Current plate motions across the Red Sea

SUMMARY A new objective method is used to estimate precisely 64 rates of seafloor spreading since chron 2A (3.2 Ma) from all the Red Sea magnetic profiles available from 15.9° to 26°N. The fastest spreading rate, #16 mm yr’1, occurs near 18°N, whereas the slowest rate, 10 mm yr’1, occurs at 25.5°N and is consistent with the rate predicted from Arabia‐Nubia data to the south. The standard deviation of the spreading rates is 0.8 mm yr’1, much smaller than the median standard deviation of 4 mm yr’1 previously assigned to spreading rates in the global plate-motion model NUVEL-1 (DeMets et al. 1990). The fit to the spreading rates, as well as the locations of earthquakes in and near the Red Sea, indicate that spreading south of approximately 17.7°N is less than the full rate of spreading between the Arabian and Nubian plates.

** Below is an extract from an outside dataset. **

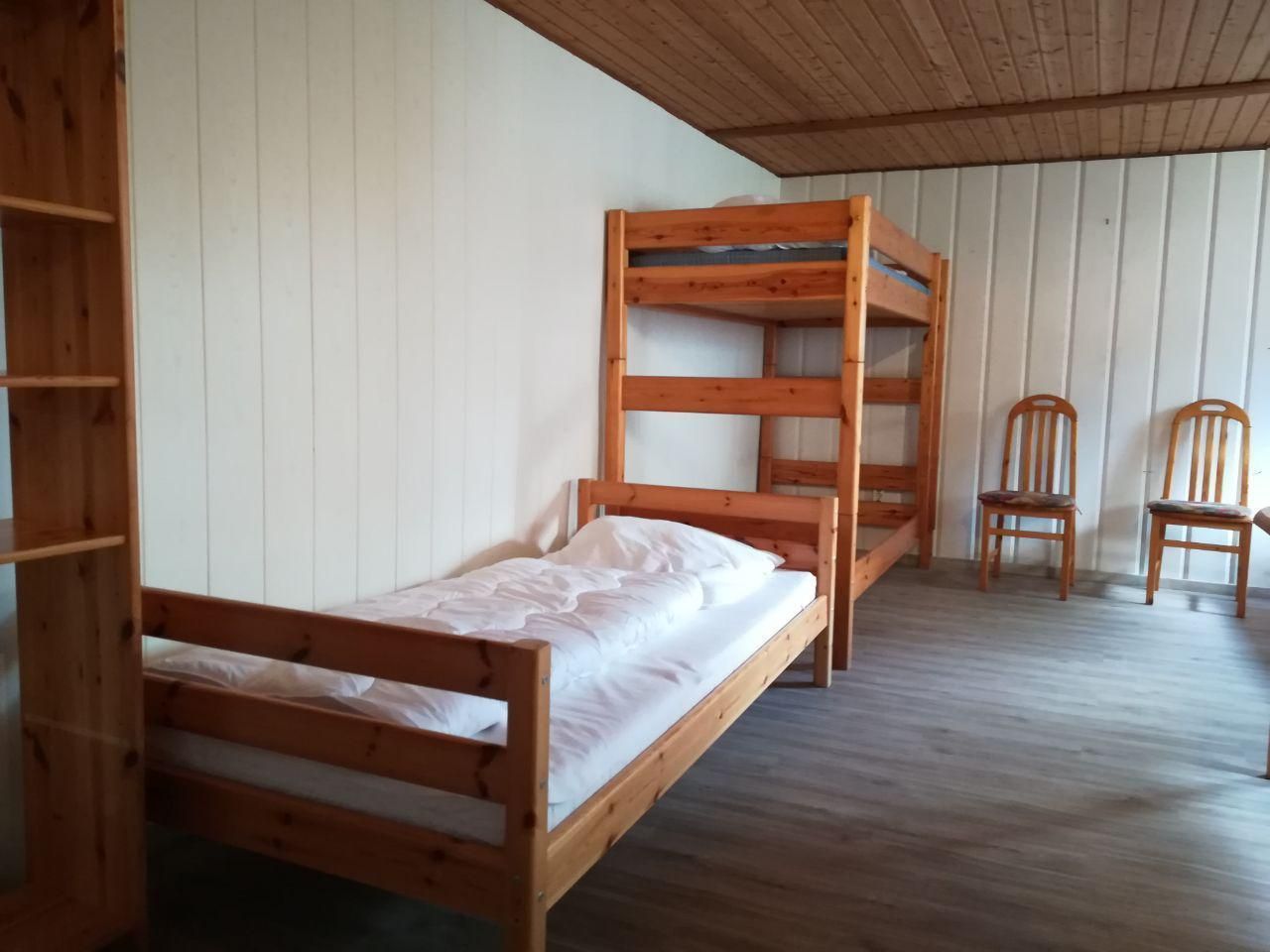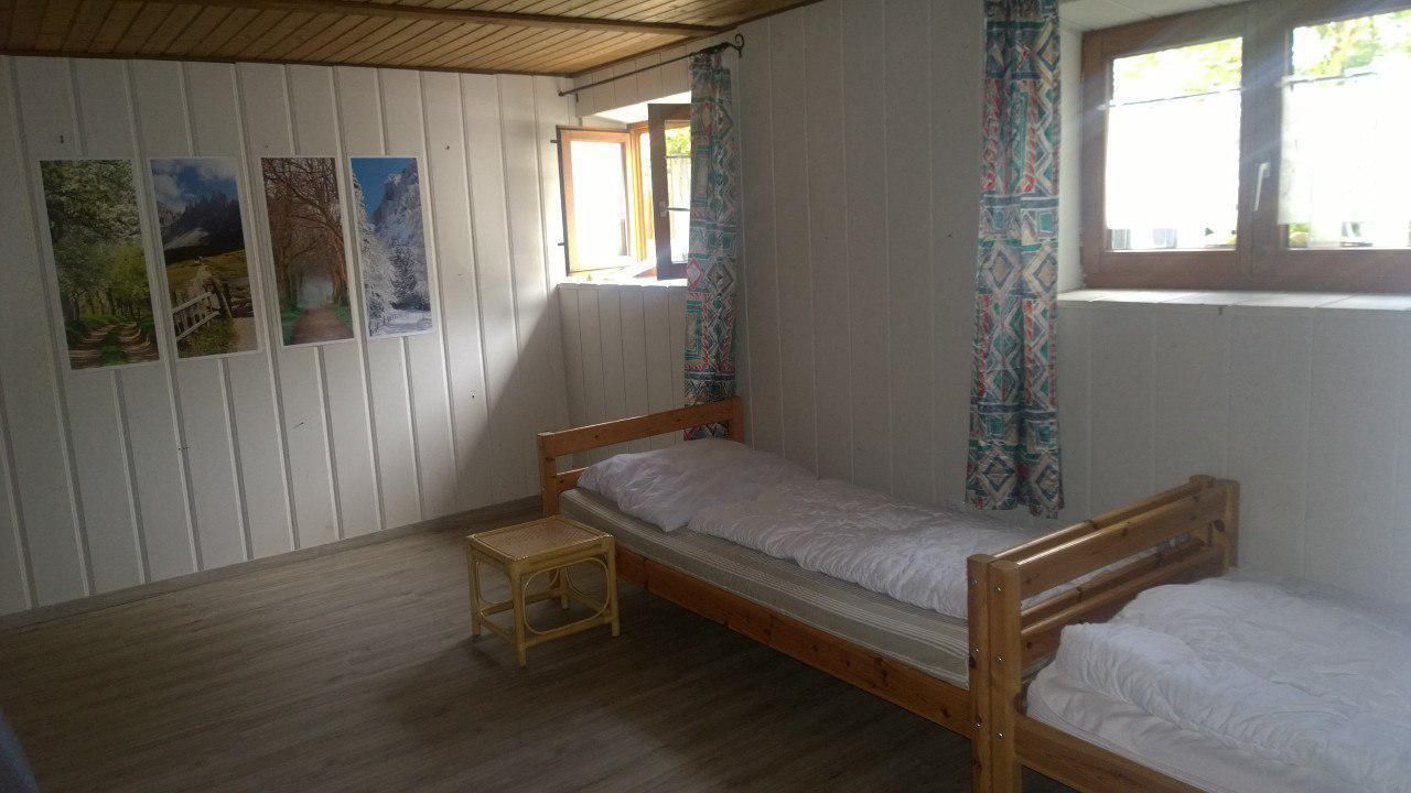 Schlafzimmer 3: Bei diesem Zimmer handelt es sich um ein Schlaflager im Erdgeschoss. Es ist sehr einfach gehalten und wurde nicht aufwendig renoviert. Letzte Renovierung: 2018. Das Schlaflager ist nur für Leute mit geringen Ansprüchen geeignet. Ab 5 Personen ist dieses Zimmer im Mietpreis inbegriffen. Bei weniger Personen kann es gerne auf Nachfrage zusätzlich gemietet werden. Es ist normalerweise für max. 3 Personen gedacht. Kann aber nach Absprache auch anders belegt werden. Bitte beachten Sie: das Zimmer kann im Winter nicht ausreichend beheizt werden. Im Sommer und in der Übergangszeit kann das Schlaflager seit Sommer 2020 ausreichend beheizt werden.
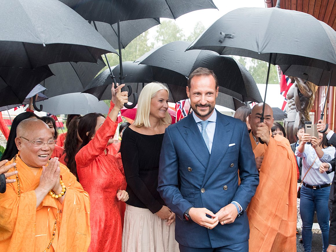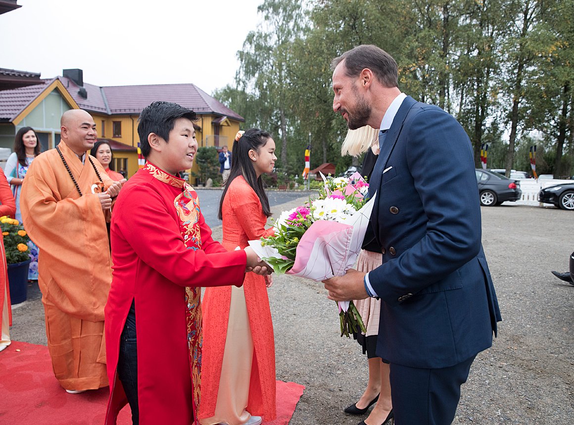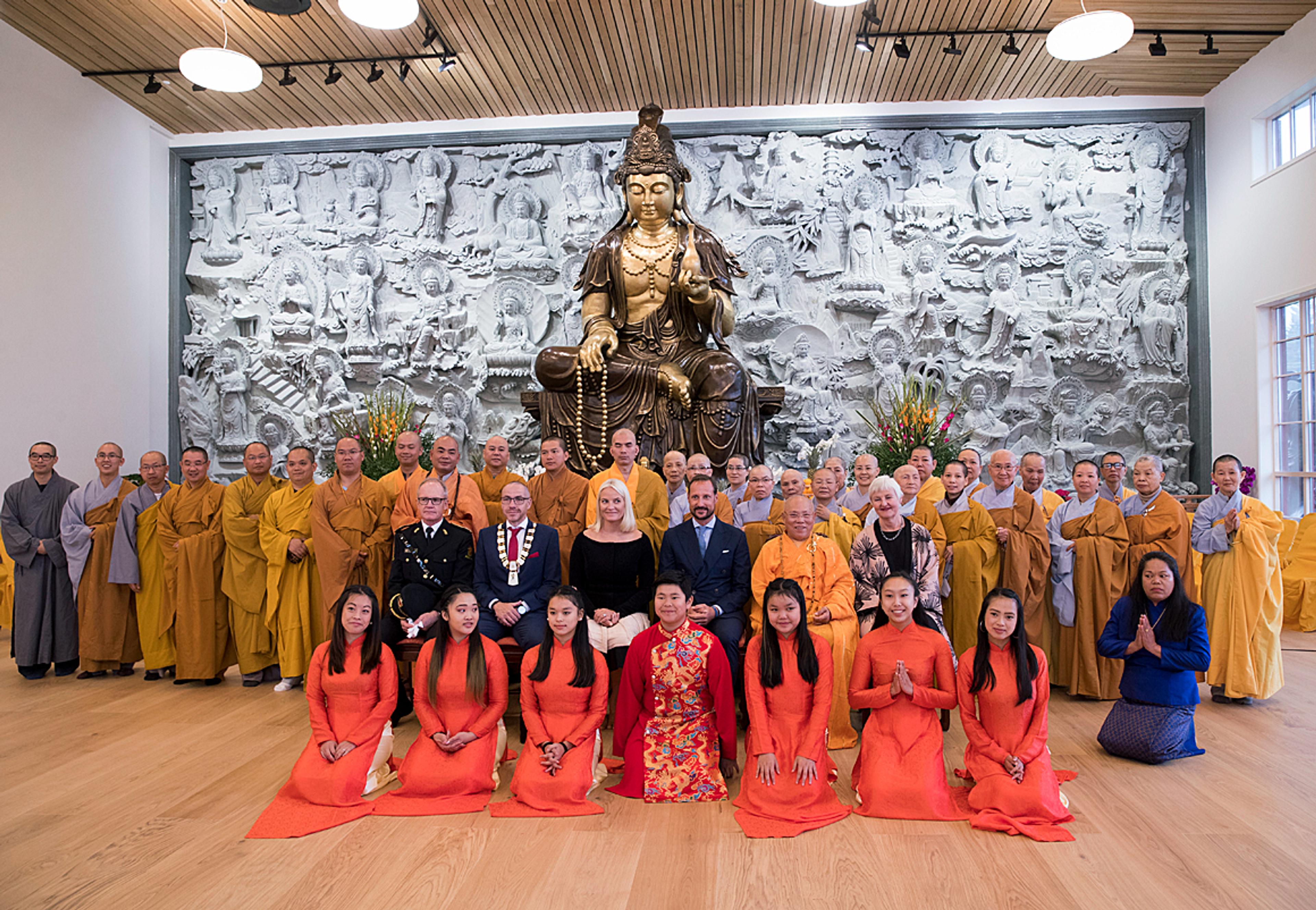 Kronprinsparet deltok i en teseremoni og ble invitert inn i den nye, storslagne Quan Âm-hallen da de besøkte det vietnamesiske buddhistsamfunnet på Jessheim i Akershus i dag.

The Red Sea spreading centre is instead usefully interpreted as the boundary between the Arabian Plate and a Danakil microplate that includes the subaerial Danakil block and a larger oceanic portion of lithosphere. Despite the absence of reliable azimuths of transform faults in the Red Sea, all components of the angular velocity of Arabia relative to Nubia are usefully constrained from just the 45 relevant spreading rates. The new compact 95 per cent confidence region of the angular velocity excludes prior estimates based on only four and two spreading rates by Chase (1978) and Jestin et al. (1994), respectively. 19 spreading rates in the southern Red Sea are used to estimate the angular velocity between the Danakil microplate and Arabia. An approach based on singular value decomposition shows that without slip vectors only two of the three components of the angular velocity of the Danakil microplate relative to Arabia or Nubia are usefully constrained, but that all three components are usefully constrained if one earthquake slip vector is included.